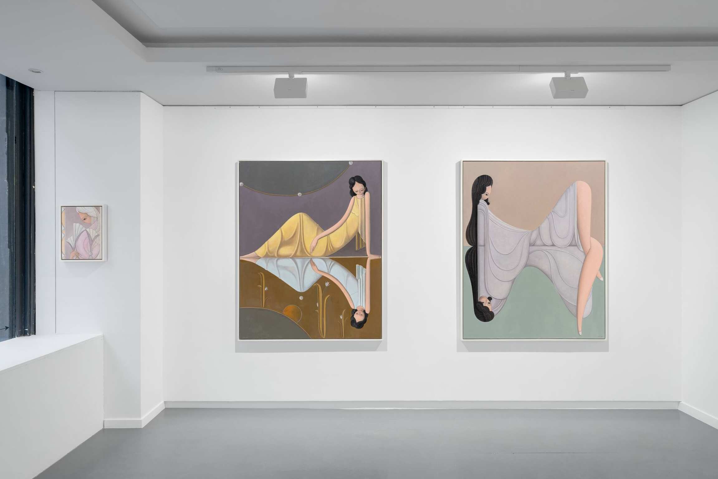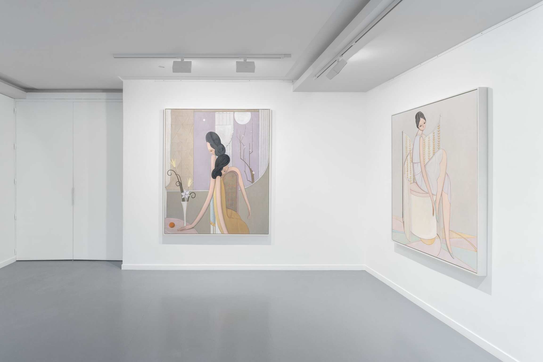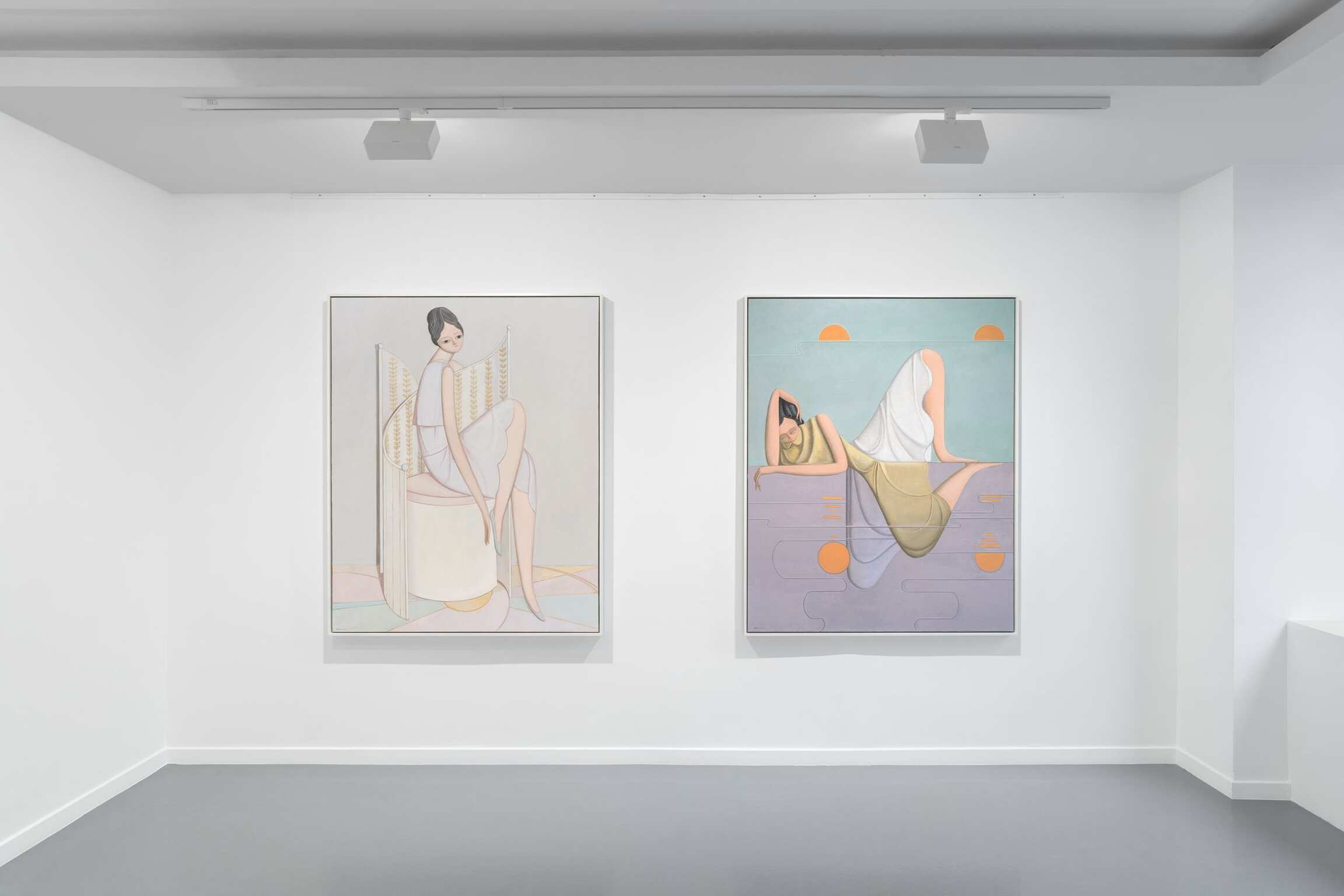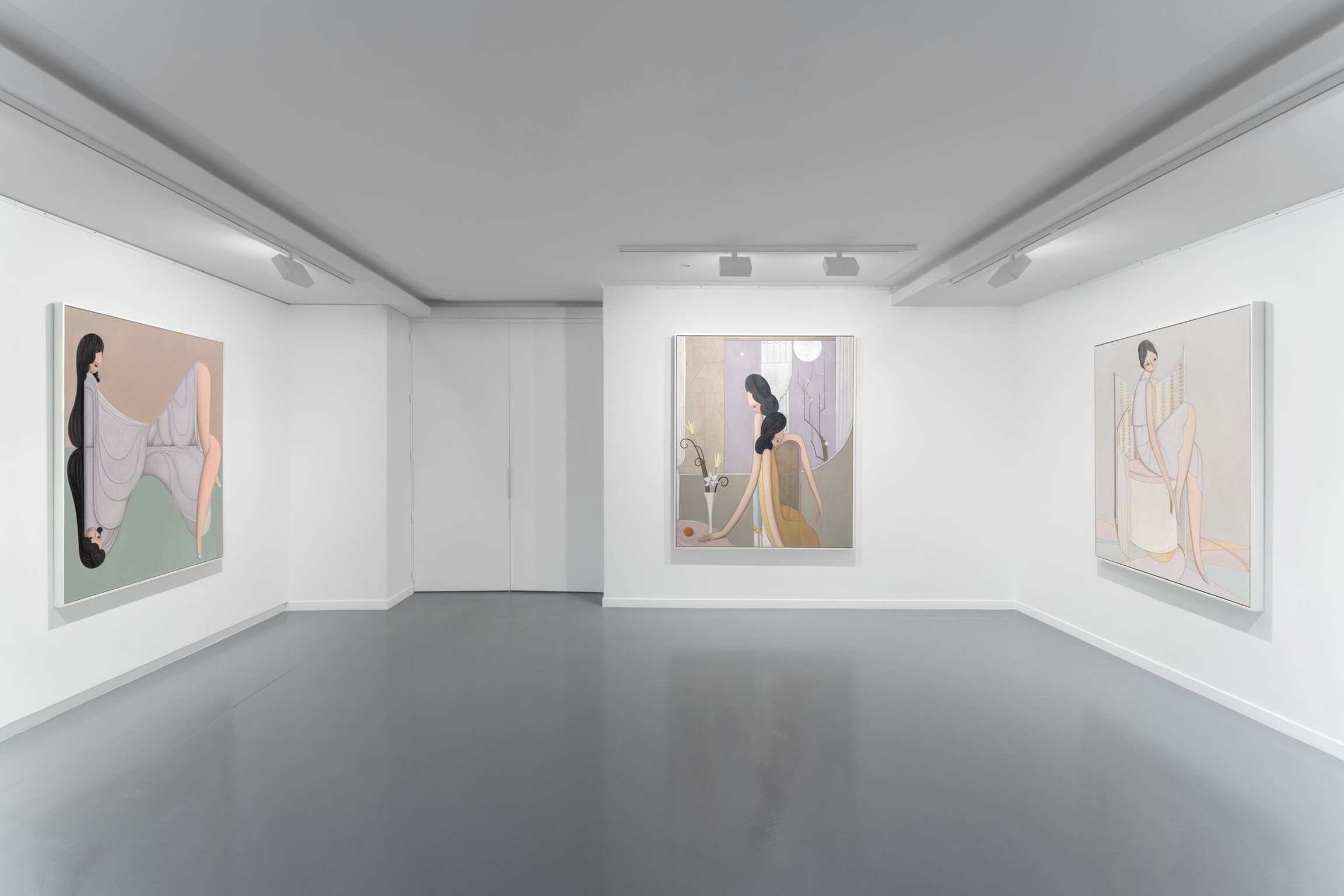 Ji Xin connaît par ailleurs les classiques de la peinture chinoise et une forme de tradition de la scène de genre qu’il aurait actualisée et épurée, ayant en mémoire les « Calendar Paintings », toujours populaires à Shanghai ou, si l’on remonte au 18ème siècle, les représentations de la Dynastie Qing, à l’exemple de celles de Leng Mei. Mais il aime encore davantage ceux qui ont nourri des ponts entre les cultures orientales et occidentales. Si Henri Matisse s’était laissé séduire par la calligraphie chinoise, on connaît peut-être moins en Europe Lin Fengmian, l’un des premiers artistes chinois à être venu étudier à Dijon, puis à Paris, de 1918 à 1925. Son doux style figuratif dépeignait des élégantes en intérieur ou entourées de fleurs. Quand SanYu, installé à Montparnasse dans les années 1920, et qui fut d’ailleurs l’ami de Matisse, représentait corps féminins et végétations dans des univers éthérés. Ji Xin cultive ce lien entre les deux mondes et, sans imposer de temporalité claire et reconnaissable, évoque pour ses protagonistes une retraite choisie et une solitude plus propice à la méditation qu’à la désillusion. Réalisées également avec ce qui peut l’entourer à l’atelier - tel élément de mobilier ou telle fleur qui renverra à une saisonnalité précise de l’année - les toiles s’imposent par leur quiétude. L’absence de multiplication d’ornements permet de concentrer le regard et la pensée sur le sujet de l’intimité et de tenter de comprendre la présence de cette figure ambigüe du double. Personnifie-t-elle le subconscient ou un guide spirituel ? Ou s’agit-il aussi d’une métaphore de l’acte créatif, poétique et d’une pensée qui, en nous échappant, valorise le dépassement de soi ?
==
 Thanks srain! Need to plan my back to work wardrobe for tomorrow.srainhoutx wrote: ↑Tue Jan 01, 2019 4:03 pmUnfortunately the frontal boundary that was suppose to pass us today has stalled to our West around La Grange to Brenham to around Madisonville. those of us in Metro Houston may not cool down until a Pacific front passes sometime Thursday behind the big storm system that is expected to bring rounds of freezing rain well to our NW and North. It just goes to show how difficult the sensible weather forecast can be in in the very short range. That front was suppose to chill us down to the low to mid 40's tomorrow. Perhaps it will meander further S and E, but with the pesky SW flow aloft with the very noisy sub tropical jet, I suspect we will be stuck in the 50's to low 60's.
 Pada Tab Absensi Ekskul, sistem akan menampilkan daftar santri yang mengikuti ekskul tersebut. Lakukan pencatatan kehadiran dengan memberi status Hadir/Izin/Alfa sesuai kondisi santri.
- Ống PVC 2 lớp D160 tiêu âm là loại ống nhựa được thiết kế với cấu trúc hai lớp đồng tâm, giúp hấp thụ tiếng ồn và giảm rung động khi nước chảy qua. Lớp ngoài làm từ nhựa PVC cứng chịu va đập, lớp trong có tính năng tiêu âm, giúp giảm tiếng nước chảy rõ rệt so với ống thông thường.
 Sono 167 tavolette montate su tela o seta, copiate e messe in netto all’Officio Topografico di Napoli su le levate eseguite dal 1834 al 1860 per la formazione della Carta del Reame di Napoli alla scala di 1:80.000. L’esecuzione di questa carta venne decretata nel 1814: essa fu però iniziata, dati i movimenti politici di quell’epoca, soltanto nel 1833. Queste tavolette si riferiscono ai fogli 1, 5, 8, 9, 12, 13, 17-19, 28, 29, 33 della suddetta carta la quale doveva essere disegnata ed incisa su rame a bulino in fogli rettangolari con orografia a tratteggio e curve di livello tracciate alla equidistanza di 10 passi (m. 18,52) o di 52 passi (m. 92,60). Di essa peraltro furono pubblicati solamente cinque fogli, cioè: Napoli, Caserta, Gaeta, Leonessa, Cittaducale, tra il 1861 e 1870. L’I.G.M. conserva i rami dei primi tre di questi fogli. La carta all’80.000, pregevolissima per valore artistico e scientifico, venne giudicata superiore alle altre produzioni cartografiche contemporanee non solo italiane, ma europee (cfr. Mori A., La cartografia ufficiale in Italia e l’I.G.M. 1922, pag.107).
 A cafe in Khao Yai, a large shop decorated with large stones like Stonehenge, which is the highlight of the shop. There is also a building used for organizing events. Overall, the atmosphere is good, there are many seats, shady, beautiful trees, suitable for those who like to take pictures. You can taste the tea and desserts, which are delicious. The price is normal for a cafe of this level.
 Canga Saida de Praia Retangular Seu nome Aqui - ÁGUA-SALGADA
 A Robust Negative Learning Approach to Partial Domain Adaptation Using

__HOW TO COMPLETE THIS TASK__. Would you quote everything above from the line containing "Sono 167 tavolette" down to the line containing "A Robust Negative"? Include both of those lines and nothing else.

__RESPONSE__.
 Sono 167 tavolette montate su tela o seta, copiate e messe in netto all’Officio Topografico di Napoli su le levate eseguite dal 1834 al 1860 per la formazione della Carta del Reame di Napoli alla scala di 1:80.000. L’esecuzione di questa carta venne decretata nel 1814: essa fu però iniziata, dati i movimenti politici di quell’epoca, soltanto nel 1833. Queste tavolette si riferiscono ai fogli 1, 5, 8, 9, 12, 13, 17-19, 28, 29, 33 della suddetta carta la quale doveva essere disegnata ed incisa su rame a bulino in fogli rettangolari con orografia a tratteggio e curve di livello tracciate alla equidistanza di 10 passi (m. 18,52) o di 52 passi (m. 92,60). Di essa peraltro furono pubblicati solamente cinque fogli, cioè: Napoli, Caserta, Gaeta, Leonessa, Cittaducale, tra il 1861 e 1870. L’I.G.M. conserva i rami dei primi tre di questi fogli. La carta all’80.000, pregevolissima per valore artistico e scientifico, venne giudicata superiore alle altre produzioni cartografiche contemporanee non solo italiane, ma europee (cfr. Mori A., La cartografia ufficiale in Italia e l’I.G.M. 1922, pag.107).
 A cafe in Khao Yai, a large shop decorated with large stones like Stonehenge, which is the highlight of the shop. There is also a building used for organizing events. Overall, the atmosphere is good, there are many seats, shady, beautiful trees, suitable for those who like to take pictures. You can taste the tea and desserts, which are delicious. The price is normal for a cafe of this level.
 Canga Saida de Praia Retangular Seu nome Aqui - ÁGUA-SALGADA
 A Robust Negative Learning Approach to Partial Domain Adaptation Using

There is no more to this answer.